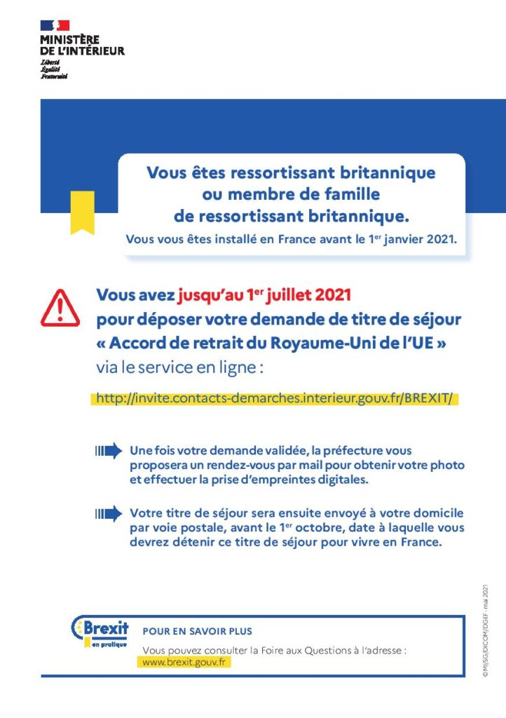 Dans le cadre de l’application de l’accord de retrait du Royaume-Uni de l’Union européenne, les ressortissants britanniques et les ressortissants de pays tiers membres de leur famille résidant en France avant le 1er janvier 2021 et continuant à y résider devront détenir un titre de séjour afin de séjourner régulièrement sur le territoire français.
==
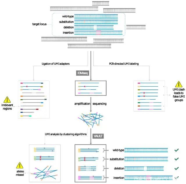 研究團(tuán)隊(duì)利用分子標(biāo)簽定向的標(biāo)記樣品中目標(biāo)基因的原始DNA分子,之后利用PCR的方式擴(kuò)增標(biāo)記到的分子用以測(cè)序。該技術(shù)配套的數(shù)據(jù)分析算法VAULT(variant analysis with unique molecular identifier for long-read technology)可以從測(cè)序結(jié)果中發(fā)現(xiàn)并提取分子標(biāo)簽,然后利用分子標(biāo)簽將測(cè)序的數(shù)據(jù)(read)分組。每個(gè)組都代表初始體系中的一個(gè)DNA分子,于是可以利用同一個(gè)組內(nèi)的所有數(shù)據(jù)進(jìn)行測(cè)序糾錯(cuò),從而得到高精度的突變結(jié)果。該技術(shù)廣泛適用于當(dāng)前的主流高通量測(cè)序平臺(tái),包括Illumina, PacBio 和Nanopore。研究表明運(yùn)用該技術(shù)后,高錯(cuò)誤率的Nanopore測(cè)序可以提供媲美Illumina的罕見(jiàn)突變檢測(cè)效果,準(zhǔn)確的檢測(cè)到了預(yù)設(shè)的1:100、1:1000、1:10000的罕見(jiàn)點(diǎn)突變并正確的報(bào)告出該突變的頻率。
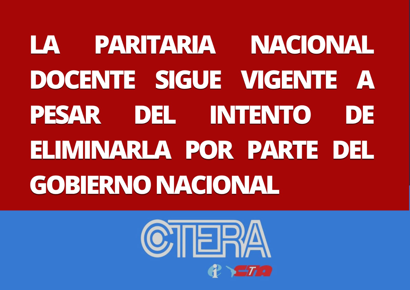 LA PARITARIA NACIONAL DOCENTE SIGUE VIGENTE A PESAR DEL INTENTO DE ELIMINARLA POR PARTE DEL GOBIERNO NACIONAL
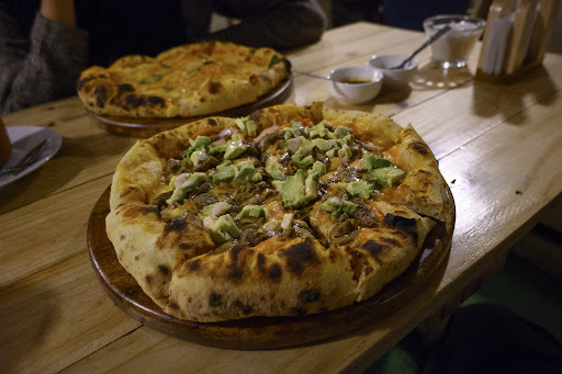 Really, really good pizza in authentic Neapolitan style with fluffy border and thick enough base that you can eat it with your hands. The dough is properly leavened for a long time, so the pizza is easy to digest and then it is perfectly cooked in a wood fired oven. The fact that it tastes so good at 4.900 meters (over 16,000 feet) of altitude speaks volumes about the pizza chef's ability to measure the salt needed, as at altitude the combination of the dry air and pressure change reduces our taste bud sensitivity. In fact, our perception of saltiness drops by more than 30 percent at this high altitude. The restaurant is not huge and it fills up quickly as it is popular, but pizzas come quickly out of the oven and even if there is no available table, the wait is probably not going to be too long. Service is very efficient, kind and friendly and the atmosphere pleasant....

Your objective.
Lines wanted from the entries above: the one with "LA PARITARIA NACIONAL", the one with "Really, really good", and all lines between. Please copy them exactly, without the pictures and without anything else.

Task result.
 LA PARITARIA NACIONAL DOCENTE SIGUE VIGENTE A PESAR DEL INTENTO DE ELIMINARLA POR PARTE DEL GOBIERNO NACIONAL
 Really, really good pizza in authentic Neapolitan style with fluffy border and thick enough base that you can eat it with your hands. The dough is properly leavened for a long time, so the pizza is easy to digest and then it is perfectly cooked in a wood fired oven. The fact that it tastes so good at 4.900 meters (over 16,000 feet) of altitude speaks volumes about the pizza chef's ability to measure the salt needed, as at altitude the combination of the dry air and pressure change reduces our taste bud sensitivity. In fact, our perception of saltiness drops by more than 30 percent at this high altitude. The restaurant is not huge and it fills up quickly as it is popular, but pizzas come quickly out of the oven and even if there is no available table, the wait is probably not going to be too long. Service is very efficient, kind and friendly and the atmosphere pleasant....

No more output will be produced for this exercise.